__ENTRIES SUPPLIED__:
- - -

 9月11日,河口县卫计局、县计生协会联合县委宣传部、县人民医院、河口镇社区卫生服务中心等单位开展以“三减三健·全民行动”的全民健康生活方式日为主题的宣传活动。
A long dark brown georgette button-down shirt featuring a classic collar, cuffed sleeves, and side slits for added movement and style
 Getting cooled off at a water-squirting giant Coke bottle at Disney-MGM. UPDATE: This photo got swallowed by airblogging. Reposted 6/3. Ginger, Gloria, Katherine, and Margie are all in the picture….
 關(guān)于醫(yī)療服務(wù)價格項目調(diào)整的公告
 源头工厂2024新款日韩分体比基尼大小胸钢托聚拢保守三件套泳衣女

- - -

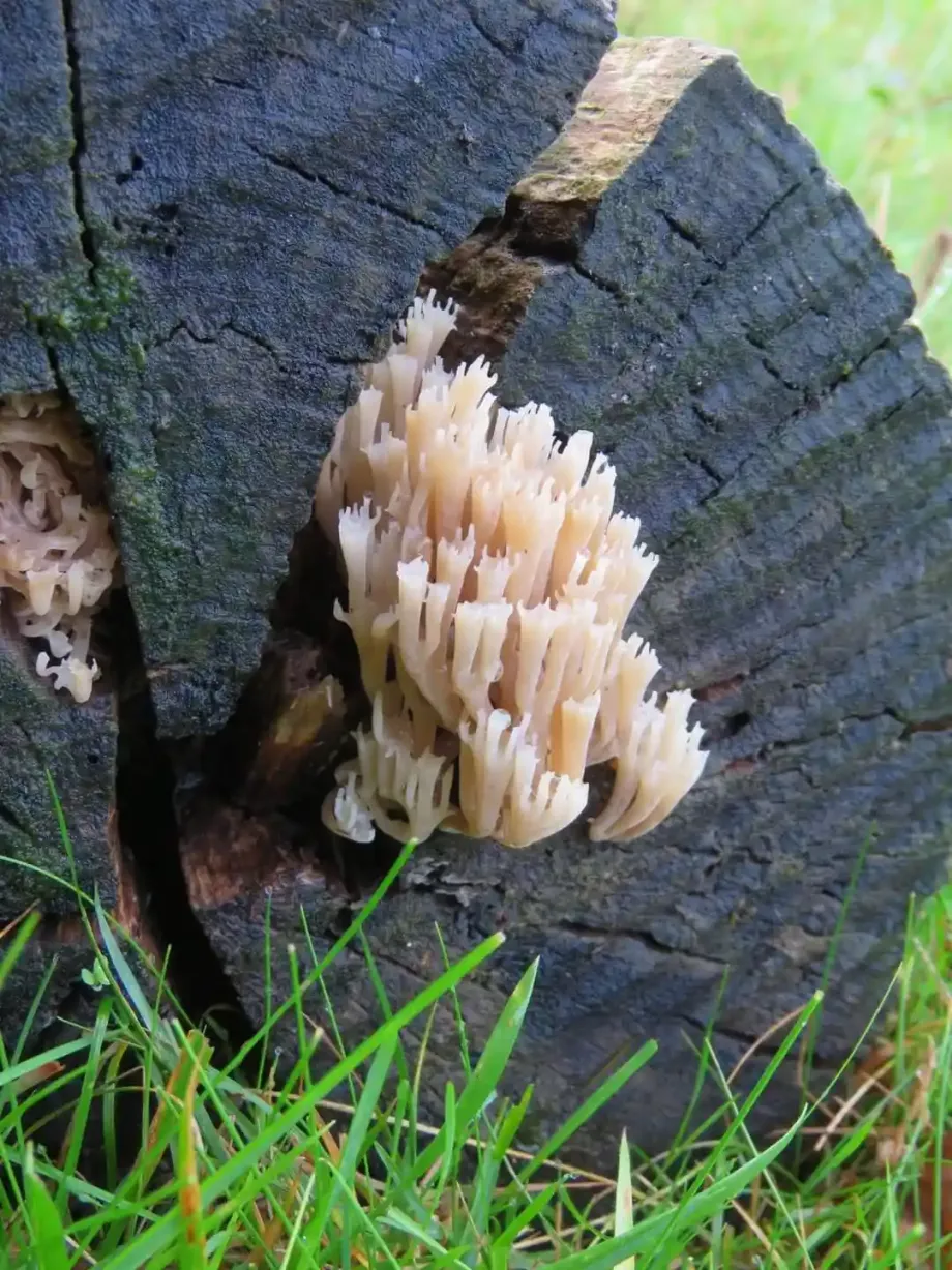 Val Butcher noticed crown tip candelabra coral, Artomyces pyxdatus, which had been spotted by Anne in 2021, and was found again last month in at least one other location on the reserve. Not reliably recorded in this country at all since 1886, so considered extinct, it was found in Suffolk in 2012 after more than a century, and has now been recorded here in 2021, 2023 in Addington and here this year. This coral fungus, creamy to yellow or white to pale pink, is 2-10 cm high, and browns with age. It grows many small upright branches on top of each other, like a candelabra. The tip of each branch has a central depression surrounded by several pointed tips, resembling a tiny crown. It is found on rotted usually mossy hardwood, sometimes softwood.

- - -

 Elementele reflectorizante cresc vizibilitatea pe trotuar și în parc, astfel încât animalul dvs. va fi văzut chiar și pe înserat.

- - -

__EXERCISE DIRECTIONS__: Since only part of the listing is wanted, copy exactly the lines from the one holding "9月11日,河口县卫计局、县" to the one holding "A long dark", both included.

__ANSWER FOR THIS EXERCISE__:
 9月11日,河口县卫计局、县计生协会联合县委宣传部、县人民医院、河口镇社区卫生服务中心等单位开展以“三减三健·全民行动”的全民健康生活方式日为主题的宣传活动。
A long dark brown georgette button-down shirt featuring a classic collar, cuffed sleeves, and side slits for added movement and style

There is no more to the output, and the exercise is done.